The growth of global population, elevated standards of living in many parts of the world, and fast fashion have led to both an increased demand for textiles and a large accumulation of related surplus/wastes (Barnes et al. 2006; Ding et al. 2018; Määttänen et al. 2021). The textile industry is now one of the major sources of wastes (Bigambo et al. 2019; Ratanakamnuan et al. 2012), producing 40 million tons of waste textiles worldwide each year (Ayed et al. 2021). Compared to incineration or landfilling(Jordan et al. 2019), reuse and recycling are the preferred ways to dispose these textiles, since they reduce the waste of resources and the environmental impact. Especially, white or light-coloured fabrics may be reused to make mops, curtains, etc. In contrast, the dark-coloured ones tend to be incinerated for electricity generation. In fact, up to 70% of all waste textiles is landfilled or incinerated every year. Developing the proper decolorization technology is therefore necessary for improving the utilization of waste textiles.
Cotton is the most common material used for coloured textiles, and more than 50% of cotton textiles are dyed with reactive dyes (Khatri et al. 2015; Tang et al. 2019). In the textile industry, reactive dyes outweigh other dyes (such as acid dyes and direct dyes), because most commercial reactive dyes allow a relatively simple dyeing process, provide bright colours, and cause less damage to the industrial equipment. Most importantly, reactive dyes have good colour fastness by bonding covalently with the active hydroxyl groups in cotton fibres (Hao et al. 2015).

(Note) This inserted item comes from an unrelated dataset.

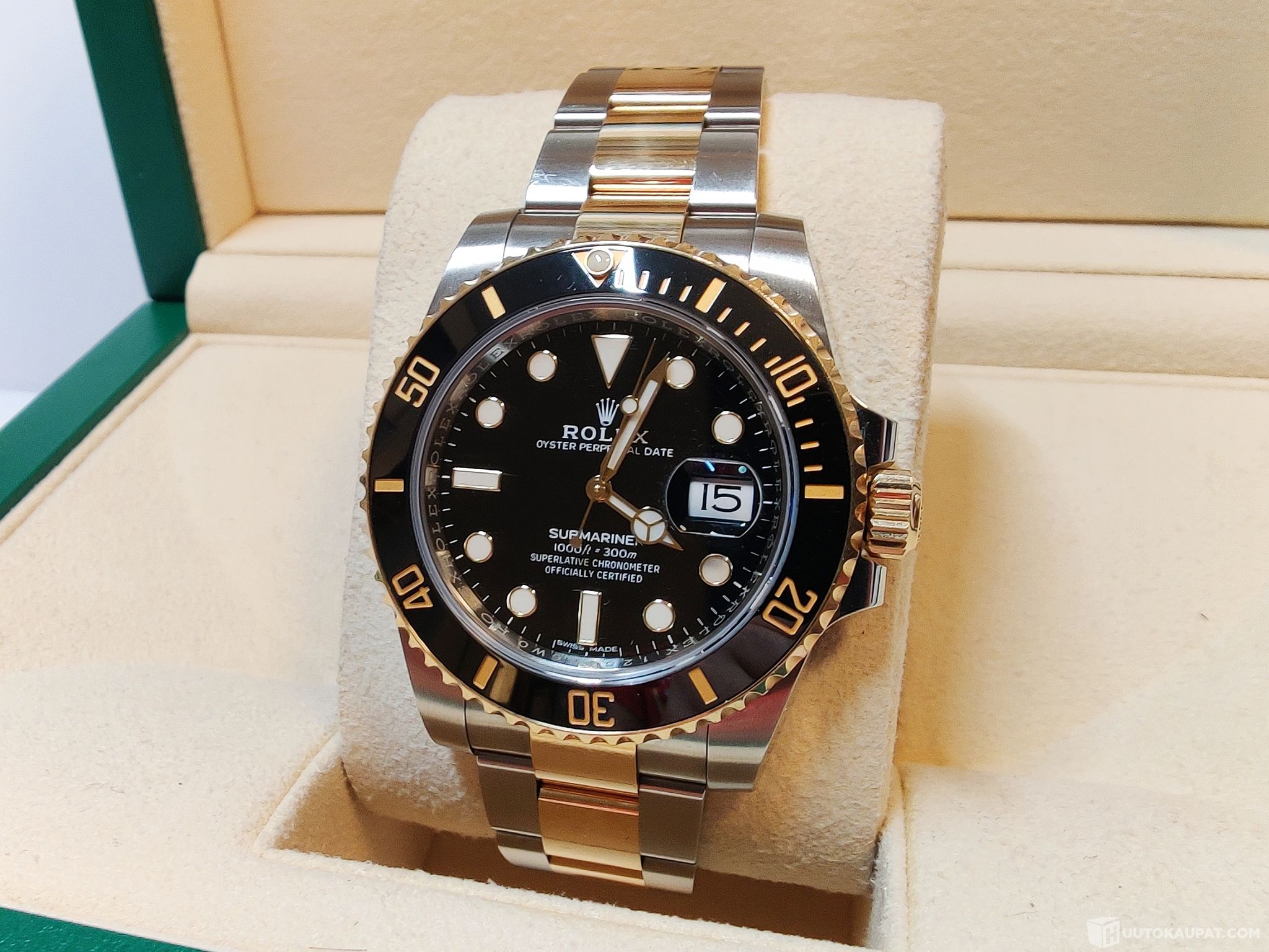 Todella tyylikkäästi päivitetty Rolexin klassikkomalleihin lukeutuva teräs/kultainen Submariner Date. Uudempi malli jossa pidempi lukkomekanismi helposti säädettävällä liukulukituksella. Tässä mallissa jykevämpi näyttävämpi kuori (maxi case) ja naarmuuntumaton keraaminen bezel.

Hence, this study focuses on stripping reactive dyes from dark-coloured cotton fabrics.
Most early research on dye decolorization employed tap water, sodium bicarbonate, and six commercially available surfactants as detergents. However, those substances do not really separate the dye from the fibre. Hydrogen peroxide (H2O2) is a common bleaching agent that is cheap and environmentally friendly (Liu et al. 2018; Sang-Hoon Lim 2005; Tang and Sun 2017; Thompson et al. 1993; Topalovic et al. 2010). However, the harsh processing conditions such as high temperature of 90 degrees and high concentration of alkali can lead to extensive water and energy consumption as well as serious chemical damage to the textiles. As effective alternatives, low-temperature and low-alkali decolorizing methods have been proposed for decolorizing cotton (Eren et al. 2014; Jegannathan and Nielsen 2013; Ratanakamnuan et al. 2012). Still, these methods do not completely remove the colour, while they have high energy consumption, cause serious fibre damage, and generate strongly alkaline wastewater and biological pollution (Cai and Evans 2007). Therefore, a remaining crucial issue is how to effectively strip reactive dyes from cotton fabric while minimizing the unwanted effects on cotton fibre and reducing the environmental impact.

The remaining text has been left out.